Comparison of missed alarm rate of different algorithms.

Comparison of false alarm among different algorithms.
It can be seen from the experimental results of Figs. 6 and 7 that, under different sample sets, the algorithm in this paper detects satellite image targets in high-pressure dense channels, and its missed alarm rate and false alarm rate are significantly lower than the other two algorithms. The missed alarm rate and false alarm rate of the algorithm in this paper are both lower than 1.4%. However, the missed alarm rate and false alarm rate using the algorithm of literature [6] and the algorithm of literature [7] are both higher than 2.0%. Experimental results show that for different sample sets, the algorithm in this paper can effectively identify satellite image targets in high-pressure dense channels. The algorithm in this paper can accurately identify positive samples and negative samples, and can be applied to the actual application of different types of target detection in high-pressure dense channel satellite images.

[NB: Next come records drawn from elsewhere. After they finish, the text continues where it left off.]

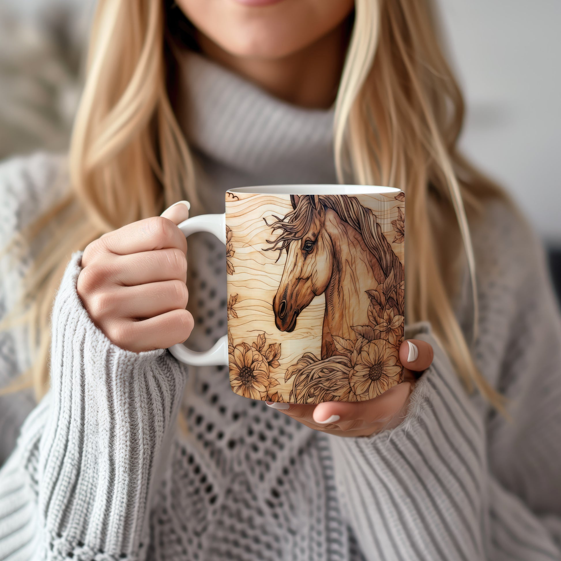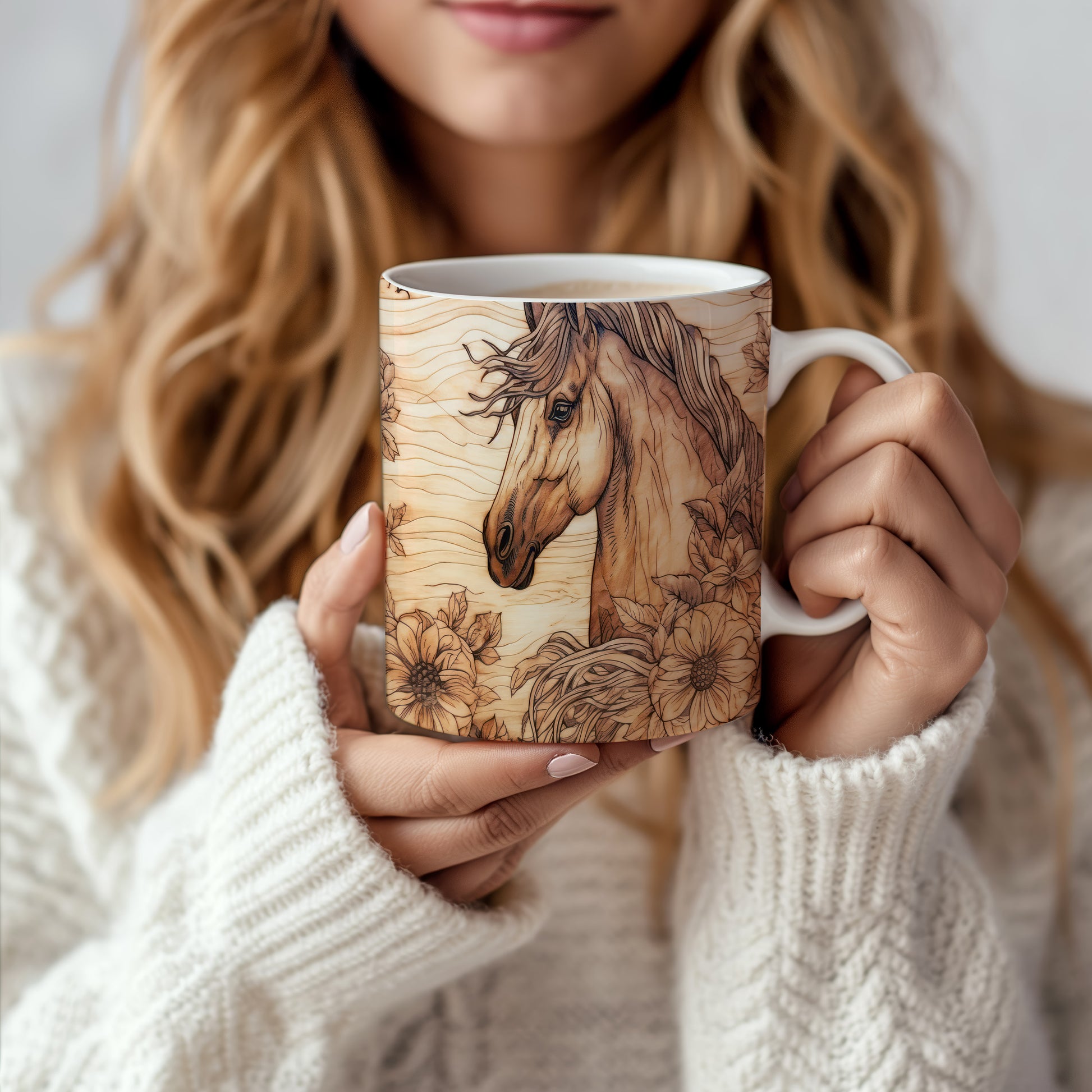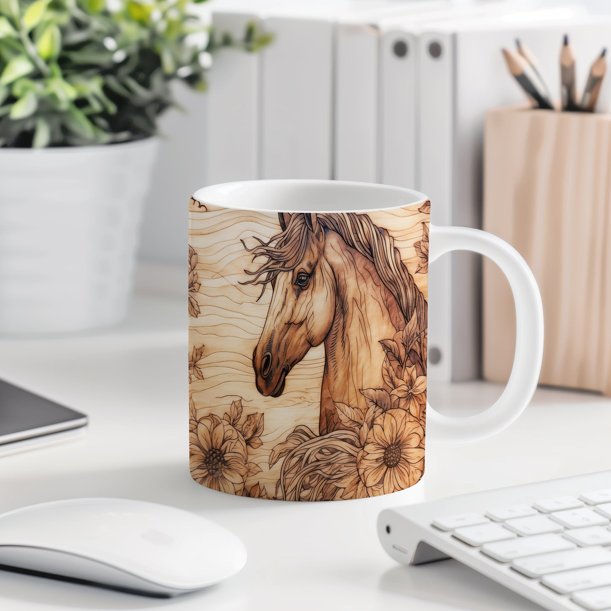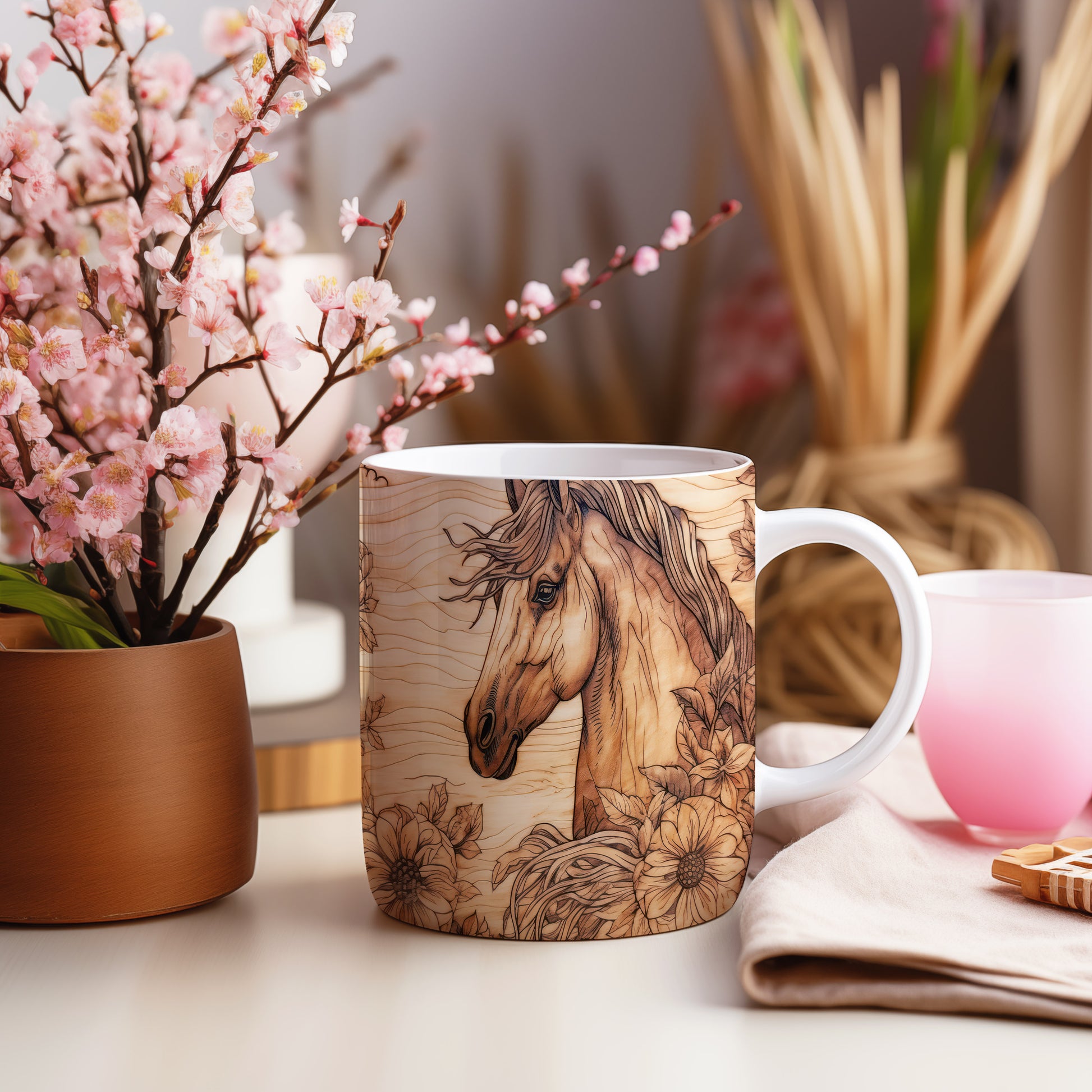 Hrnek s motivem koně obklopeného květinami v jemných hnědých a béžových tónech. Tento stylový hrnek je ideální pro milovníky přírody a zvířat, skvělý tip na dárek pro přátele nebo rodinu. Materiál: keramika. Objem: 330 ml. Vhodné do myčky i mikrovlnky. Používání tohoto hrnku přináší radost z každého doušku.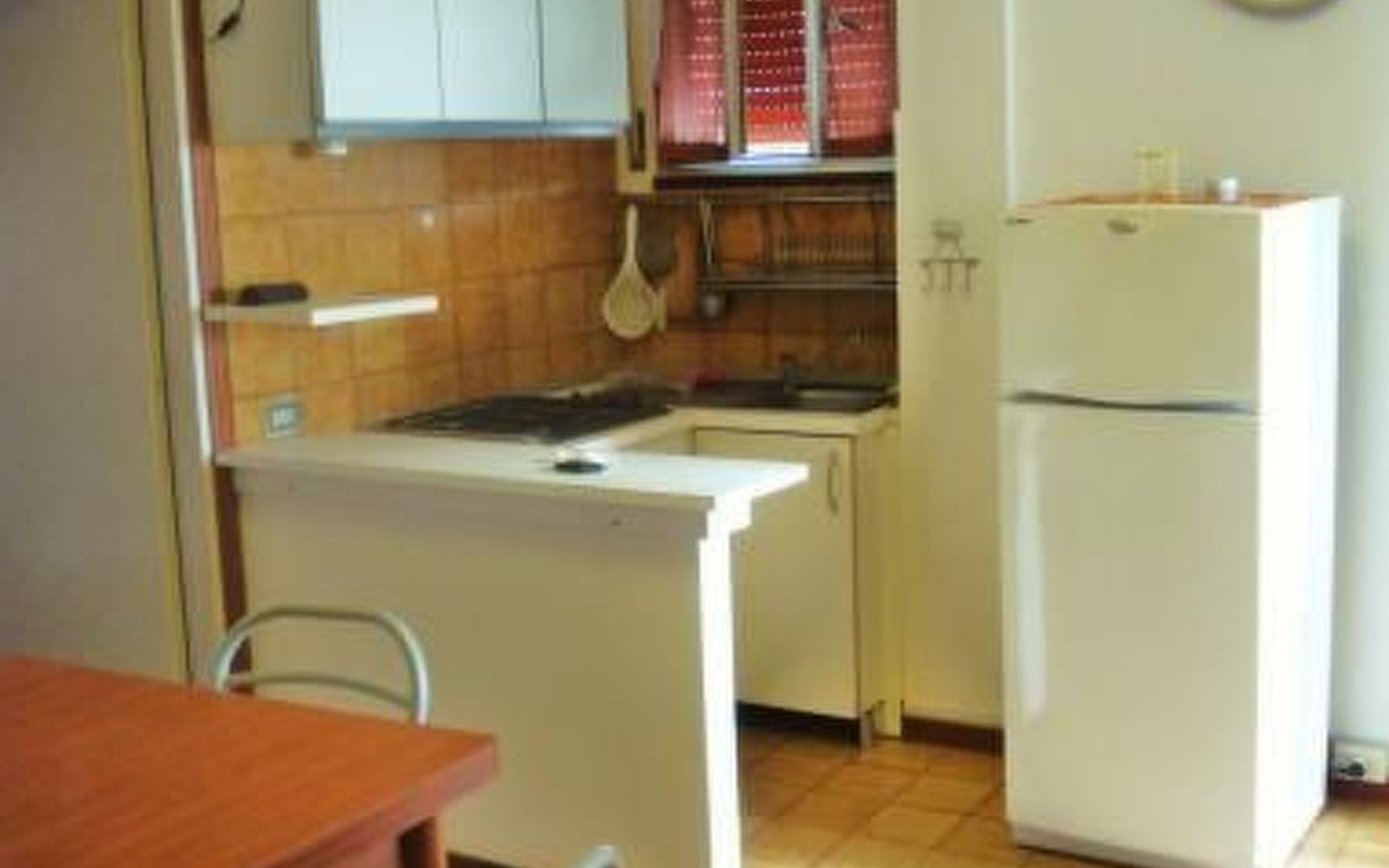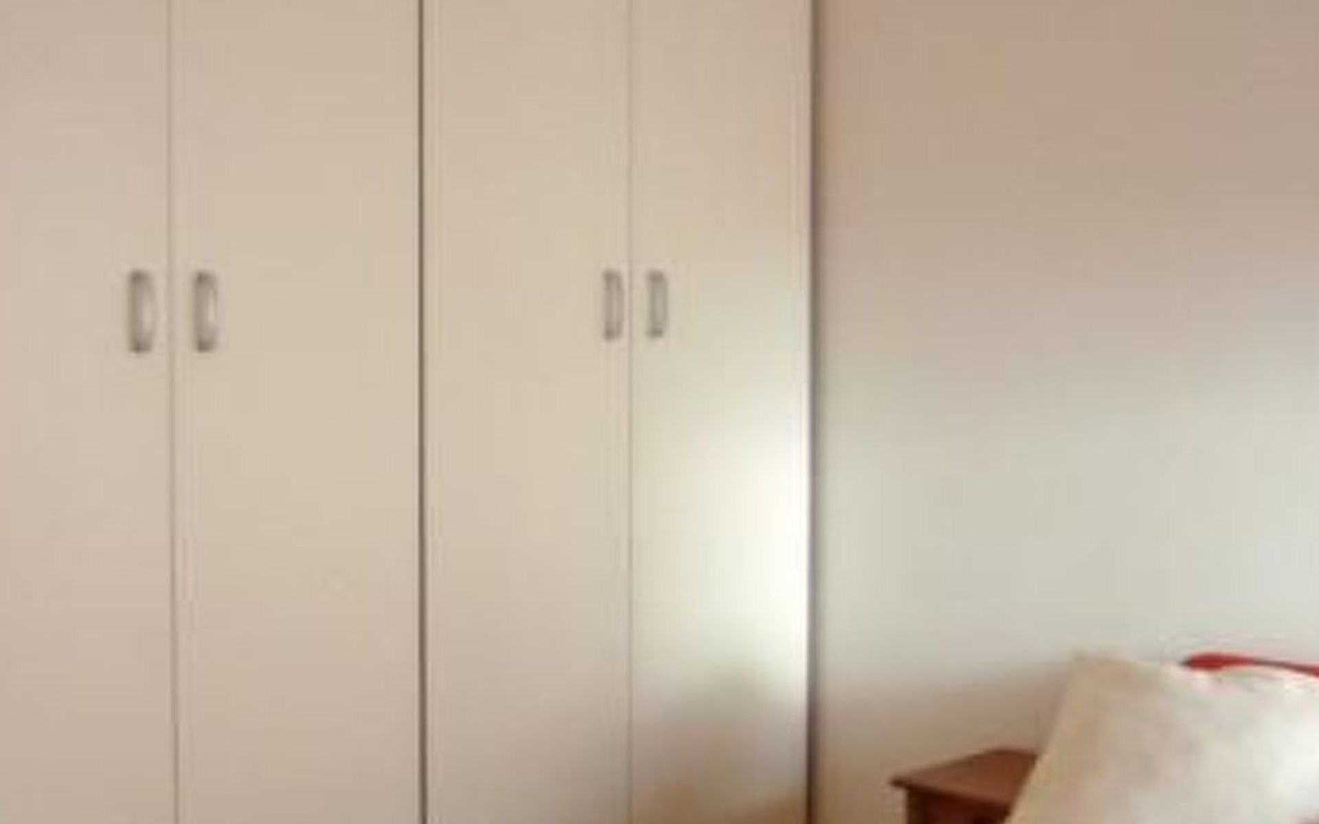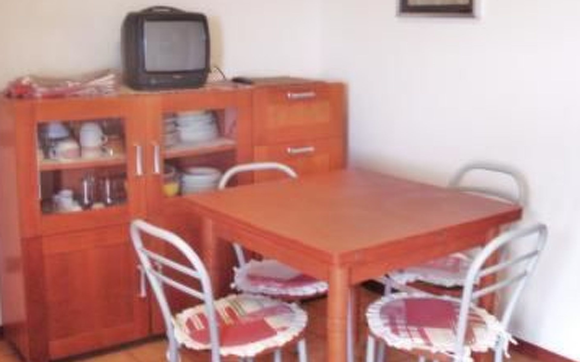 Das Gebäude hat 4 Etagen mit Aufzug. Die Einzimmerwohnung befindet sich auf einer Etage und besteht aus einem Wohnzimmer mit 2-sitzigem Schlafsofa, Kochnische, Kühlschrank, Tisch, Speisekammer und TV, einem Schlafzimmer mit Doppelbett, 4-türigem Kleiderschrank und Schuhregal, sowie einem Badezimmer mit 70x90 Eckdusche, WC, Spiegelschrank und Waschbecken. Eine Waschmaschine kann für 3,5 kg Wäsche genutzt werden. Die Küchenzeile ist mit einem kleinen Elektroherd und einer Mikrowelle, Tellern, Pfannen, Gläsern, Besteck und viel Küchenzubehör ausgestattet. Gasherd mit 4 Brennern. Klimaanlage für heiße Tage, der Verbrauch ist im Preis inbegriffen.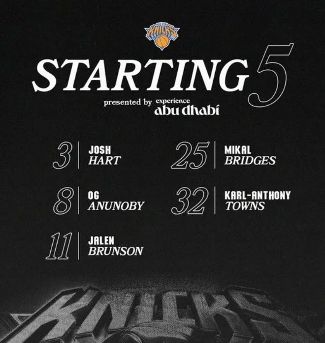 首發陣容方面,騎士隊這邊,斯特魯斯(左腳骨折)無法出戰,教練阿特金森排出的最新首發五人組為:詹姆斯-哈登、多諾萬-米切爾、迪恩-韋德、埃文-莫布利和賈勒特-阿倫;尼克斯隊這邊,除了麥克布萊德其余球員均可出戰,首發陣容則為:布倫森、阿奴諾比、布里奇斯、哈特、唐斯。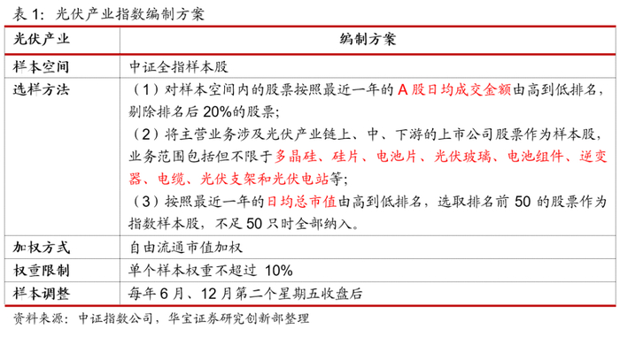 中证光伏产业指数(简称:光伏产业,代码:931151.CSI)将主营业务涉及光伏产业链上、中、下游的上市公司股票作为待选样本,选取不超过50家最具代表性公司作为样本股,反映光伏产业公司的整体表现,具体编制方案如下表所示: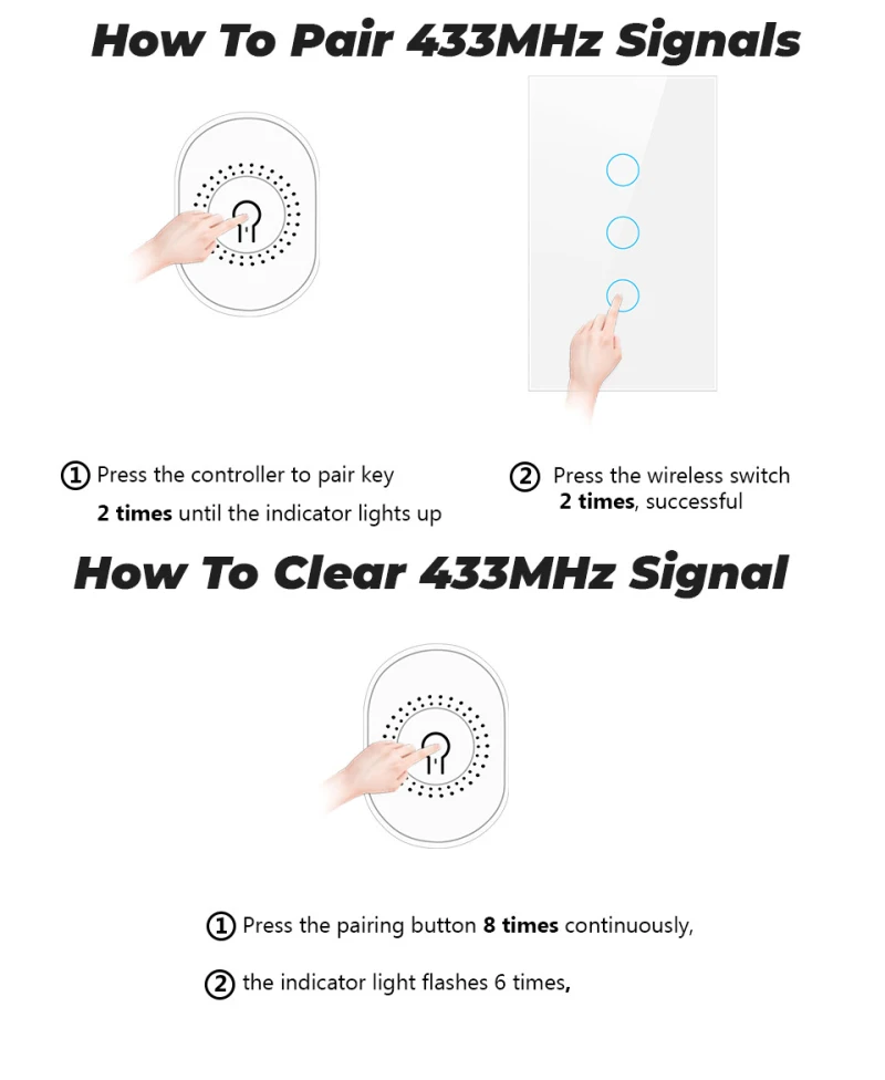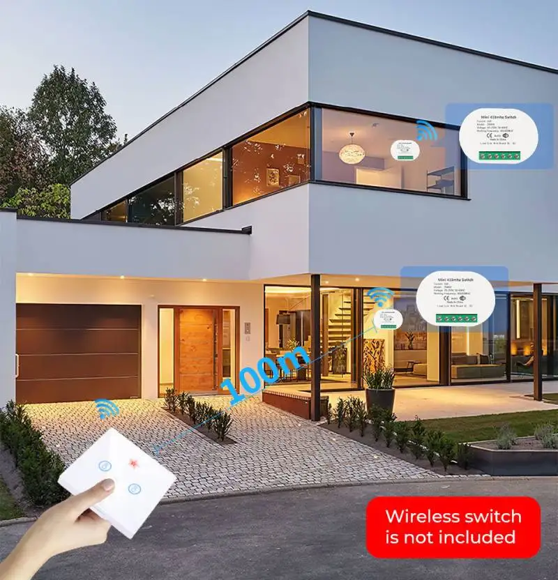 【Поддержка двустороннего управления】 Можно использовать с двухсторонним механическим переключателем перед подключением к дому. Один модуль переключения плюс две беспроводные панели RF433 можно сделать двумя способами s DIY. Вы можете управлять светильник на первом и втором этажах без изменения проводов дома!

By virtue of its powerful learning ability and feature extraction ability, deep learning methods can learn high-level abstract features of images, and avoid a large number of artificial feature design and parameter adjustment with relatively strong subjectivity, so that the model has stronger generalization ability. Convolutional neural network is the most commonly used deep learning algorithm in the field of target detection. In this paper, convolution neural network is mainly used to extract the feature map of high-voltage dense channel satellite images. Targeted algorithm optimization, the feature map is sampled by regular area, and the depth feature is obtained by convolution operation of pool layer. In the connection layer, the target detection in high-voltage dense channel satellite images is realized. Experiments on NWPU VHR-9 data set show that the algorithm is effective in image target detection. The main work of this paper is summarized as follows: A high-voltage dense channel satellite target detection algorithm based on deep learning is proposed. This paper introduces convolutional neural network, which solves the problem of gradient disappearance in deep network, and at the same time, deeper network level can enable the network to extract better high-level semantic features. Optimize the training part of convolutional neural network, and use rules to sample the upper feature sampling map of the input area, so that multi-level features can be fused, taking into account the advantages of different levels of feature information, and greatly improving the detection performance of small targets without increasing the computational complexity. The depth feature of the target area is extracted from the residual block group, and the remaining targets are obtained by overlapping detection frames, thus completing the target detection of satellite images in high-voltage dense channels. The performance of the proposed algorithm for target detection is verified by comparative experiments on the open source NWPU VHR-9 image data set. The fluctuation of P-R curve is small, and the prediction probability of test data is high. The average precision is higher than 99%, the false alarm rate is lower than 1.4%, and the false alarm rate is 1.4%.
However, high-voltage dense channel satellite targets are complex and diverse, so it is difficult to classify and regress them accurately, and there is still much room for improvement. Therefore, it is necessary to further improve the performance of target attitude extraction, real-time tracking under limited sample data, optimize the extraction accuracy and improve the real-time performance of the algorithm.
Footnotes
Declarations
The authors declare that there are no conflicts of interest regarding the publication of this paper.
Acknowledgments
The study was supported by Taizhou Vocational College of Science and Technology Jiamu Talent Training Plan (NO. 2022JM018).